First, the frog is not a mascot.

We don’t have a firm mascot; never have and probably never will. But, if we did, it certainly wouldn’t be a frog! Who would choose a frog as a mascot? Oh, I know Texas Christian University’s football team is called the Frogs, but they’re not frogs at all–just a fierce looking lizard.

So, let me tell you what the frog is all about.

While searching images on Yahoo one day, in an attempt to find ideas for a new firm brochure, I came upon a picture that not only caught my eye but also reminded me of something. The picture was of a little green tree frog desperately hanging from a tree branch for dear life. This picture reminded me of the plight some church business administrators find themselves in.

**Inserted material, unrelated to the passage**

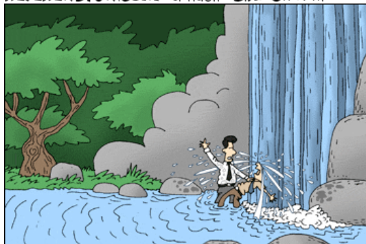
THIS GUY NEEDED THE MAXIMUM BAPTISM PACKAGE

I will never forget the first time I sat in on one of Dr. Judy Stamey and Dr. Bill Caldwell’s NACBA certification seminars. To say I was moved as I heard one administrator after another share their struggles is an understatement. Many of them were just like the frog in the picture, hanging on for dear life.

That’s why we chose the frog. It represents the plight many administrators tell us they find themselves in. And, it reminds us of the role we serve here at PSK–helping churches and administrators move safely off the limb they are clinging to and back to safety.